There is also another thread here that's related:

http://www.thefedoralounge.com/show...olynesian-Pop-collections-rooms-bars-mugs-etc
 
Last edited:

vitanola

I'll Lock Up
Messages
4,254
Location
Gopher Prairie, MI
O
We've already witnessed something of a revival, modest as it is. I attribute it in large part to the baby boom generation growing a bit misty-eyed over what was fashionable during their early years.

Mid-century styles in general have been hot for a solid decade or more now. "Tiki" stuff is of that era, although it differs stylistically quite dramatically from much of the rest of it. Mid-century is mostly spare, clean, relatively unadorned. Tiki is generally much more rustic and rough-hewn. I see interiors in which the styles are mixed and it just doesn't work for me. It's not that all furnishings must be of the same era or hew to but one stylistic convention (living spaces can be so "authentic" or "period accurate" as to feel more like a museum), but they should "talk" to one another in ways that a Tiki mug and an Eero Saarinen tulip table just don't.
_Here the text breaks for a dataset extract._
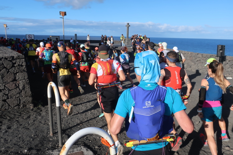Etwa eine Stunde später erreiche ich den Faro. Im Gegensatz zu den Frühstartern dürfen wir die beeindruckende Rundumkulisse bereits im Morgenlicht erleben. Und so auch einen optischen Vorgeschmack auf die inseleinwärts jäh ansteigende Mondlandschaft bekommen. Ganz bis zum Faro fährt der Bus nicht, sondern stoppt etwas höher gelegen an der Straße, sodass wir die letzten Meter auf einem sandigen, aussichtsreichen Trail hinab zu Fuß zurücklegen müssen. Morgendlich frisch ist es, aber heiße Rockmusik schallt uns vom Startgelände, bei den Bootsschuppen unterhalb der Faros und direkt am Meer gelegen, entgegen. Kurz wird das reichlich vorgeschriebene Pflichtgepäck gecheckt, dann geht es hinein in den Läufer Corral. Immer voller wird es, knapp 500 sind es letztlich, die erwartungsfroh dem Start entgegenfiebern. 40 davon wird das Los eines DNF ereilen, aber das ahnt im Moment wohl noch keiner.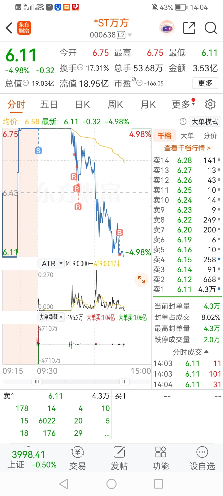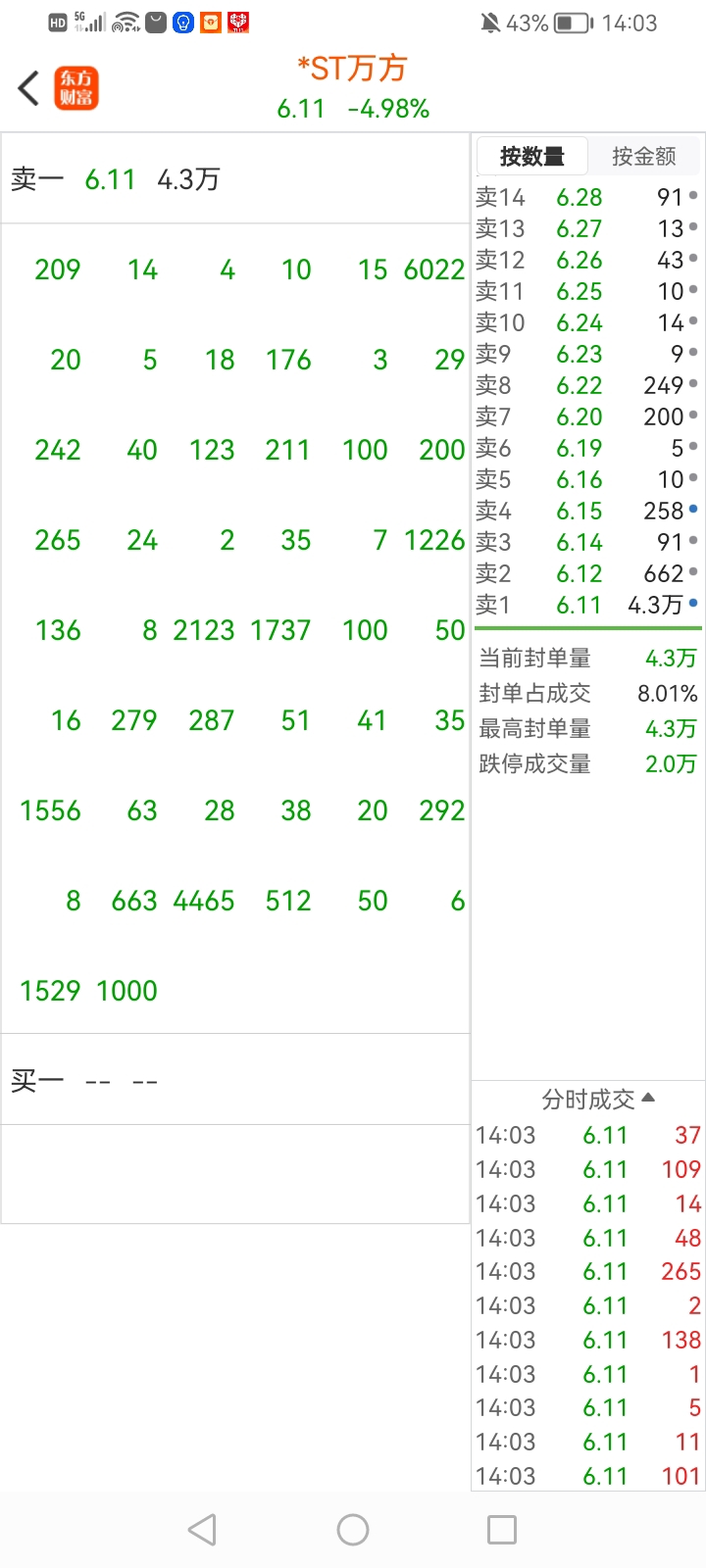 6.11还想买,可惜没钱了,万方都五个跌停板了,明天应该不会一字跌停板吧,庄真狠

Clean and relatively unadorned, yes, but the 1950's/early 1960's popularity of the French Provincial, Italian Provincial, "Colonial" and "Duncan Phyfe" styles is sadly forgotten by moderns when they attempt to re-create "Mid-Century" interiors. Shame, really for although all of these styles were loosely (VERY loosely) based upon their historical antecedents, the fiurnishings, fabrics and wall coverings were used in distinctly modern ways. The bold use of saturated colors in the mid-1960's might be profitably copied by the pallid hipsters with their whitewashed Danish Modern interiors.
 
Messages
10,950
Location
My mother's basement
O

Clean and relatively unadorned, yes, but the 1950's/early 1960's popularity of the French Provincial, Italian Provincial, "Colonial" and "Duncan Phyfe" styles is sadly forgotten by moderns when they attempt to re-create "Mid-Century" interiors. Shame, really for although all of these styles were loosely (VERY loosely) based upon their historical antecedents, the fiurnishings, fabrics and wall coverings were used in distinctly modern ways. The bold use of saturated colors in the mid-1960's might be profitably copied by the pallid hipsters with their whitewashed Danish Modern interiors.

And the contemporary takes on that mid-century "high style" (think Eames, Saarinen, Neutra, Mies, et al) was rarely seen so exclusively when that stuff was new. In recent years I've seen numerous open-plan, post-and-beam houses with walls of glass, etc., furnished almost exclusively in archetypal modernist pieces whose designs (if not the pieces themselves) date from decades before the well-heeled yuppie occupants of those houses were born. Nice stuff, and I wouldn't mind having some of it myself, but it sometimes borders on cliche.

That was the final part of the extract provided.